The logic is simple but powerful: a lack of effect in a well-chosen control group makes the case for causation considerably stronger. When the results of a basic ITS and a controlled ITS agree, researchers can be more confident that the association is causal. This is why CITS designs are considered second only to randomized experiments in their ability to control for bias.
How ITS Differs From Difference-in-Differences
Readers exploring quasi-experimental methods often encounter difference-in-differences (DiD) alongside ITS, and the two are easy to confuse. The key distinction is structural. A standard ITS is a one-group design: you track a single population over time and look for a break in its trend. DiD is a two-group design that compares changes between an intervention group and a control group across two time periods.
DiD doesn’t require a long series of observations. It can work with just one measurement before and one after the intervention for each group. ITS, by contrast, needs many repeated measurements but doesn’t inherently require a control group. DiD relies on a parallel trends assumption, meaning the two groups would have followed the same trajectory in the absence of the intervention. This assumption can’t be formally verified with the collected data, which is a notable limitation. ITS instead relies on the assumption that the pre-intervention trend would have continued unchanged, which can at least be visually and statistically examined.

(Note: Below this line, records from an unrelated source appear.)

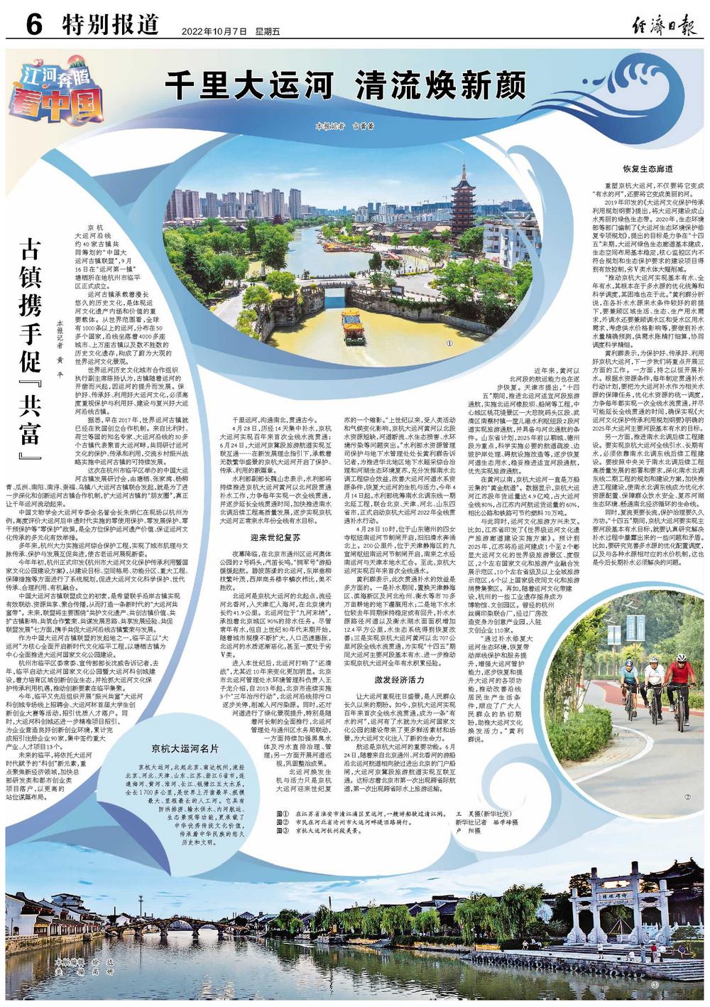 4月28日,历经14天集中补水,京杭大运河实现百年来首次全线水流贯通;6月24日,大运河京冀段旅游航道实现互联互通……在新发展理念指引下,承载着无数繁华盛景的京杭大运河开启了保护、传承、利用的新篇章。
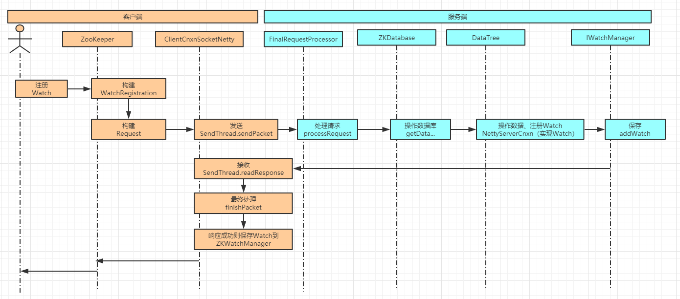 2.--> 服务端:在Zookeeper启动时会通过startServerCnxnFactory开启服务端连接,此时会开启AcceptThread来处理客户端的连接,客户端建立连接时会在这里处理,在接入时会构建SelectorThread来通过handleIO处理客户端的IO请求,然后将以此IO交互抽象为IOWorkRequest交给线程池去异步处理doWork-->doIO,然后开始解析网络消息包readPayload,然后解析消息包processPacket,解析之后放到阻塞队列submittedRequests中,队列请求在RequestThrottler中处理,然后submitRequestNow交给ZkServer的处理链去链式处理。处理链初始化时指定了FinalRequestProcessor会处理与数据库的交互。根据操作标识type不同有不同的解析流程并反序列化数据构建对应的Request。如果Request中存储watch标识则在DataTree中通过IWatchManager添加记录,记录包含监听的路径Path和客户端的连接ServerCnxn等,这步就是服务端注册,这里IWatchManager区分为当前节点和子节点2种。
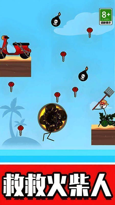 1、解谜冒险:每个关卡中都有一个火柴人被困的场景,玩家需要通过点击和拖动元素,解锁通路和道具,最终营救火柴人;
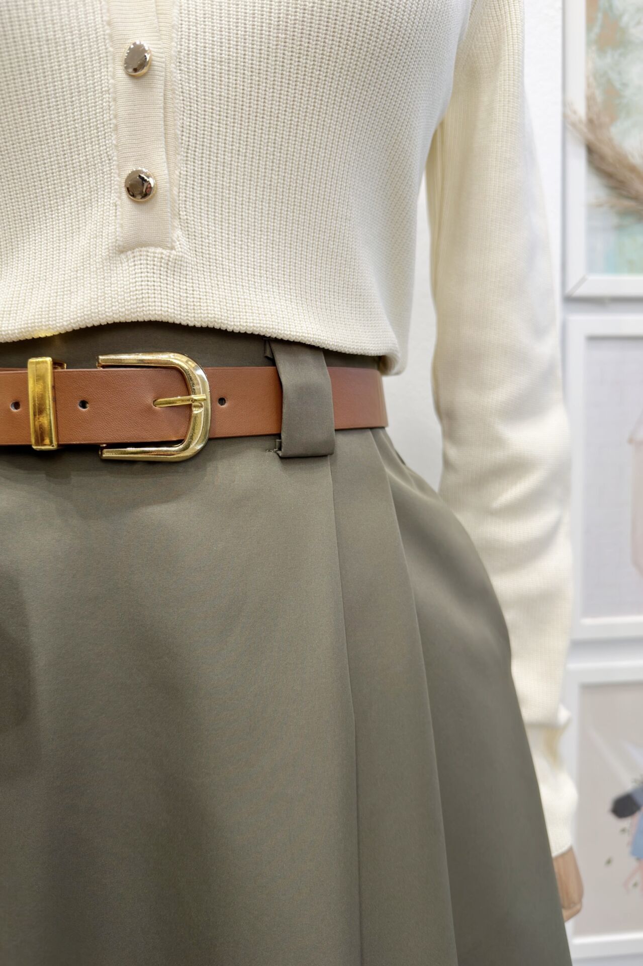 Haki Yeşili Kemerli Arain Etek

Handling Autocorrelation and Seasonality
Time series data come with statistical wrinkles that ordinary regression can’t handle well. The most common is autocorrelation: data points close together in time tend to be more similar to each other than distant ones. Monthly flu hospitalizations in January and February, for instance, are more alike than January and July. Standard segmented regression assumes that the residuals (the gaps between predicted and actual values) are independent of each other, which often isn’t true for time series.
Two alternatives address this directly. ARIMA models (autoregressive integrated moving average) explicitly account for the relationships between consecutive observations and the errors from past predictions. They’re considered a more flexible tool for evaluating health interventions. Generalized additive models (GAMs) capture nonlinear relationships without requiring the researcher to specify their exact shape, making them particularly useful when the model might be misspecified. Simulation studies have found that ARIMA tends to perform more consistently across different effect sizes and in the presence of seasonality, while GAMs are more robust when the underlying model structure is wrong.
In software, Stata offers a dedicated command called itsa that performs interrupted time series analysis for single and multiple group comparisons, with options to handle autocorrelation and heteroskedasticity. R users commonly perform segmented regression using general linear modeling packages, with additional tools available for ARIMA modeling and more complex specifications.
When ITS Is the Right Choice
ITS is especially well suited for evaluating population-level interventions where randomization is impractical or unethical: laws, regulations, public health campaigns, system-wide policy changes. It works best when the intervention has a clearly defined start date, when outcome data are collected routinely at regular intervals (like administrative health records), and when enough pre-intervention data exist to establish a reliable baseline trend.
It’s less appropriate when the intervention rolls out gradually with no clear boundary, when fewer than three pre- or post-intervention data points are available, or when complex patterns of instability in the data make trend estimation unreliable. In these situations, other quasi-experimental approaches may be better suited to the question at hand.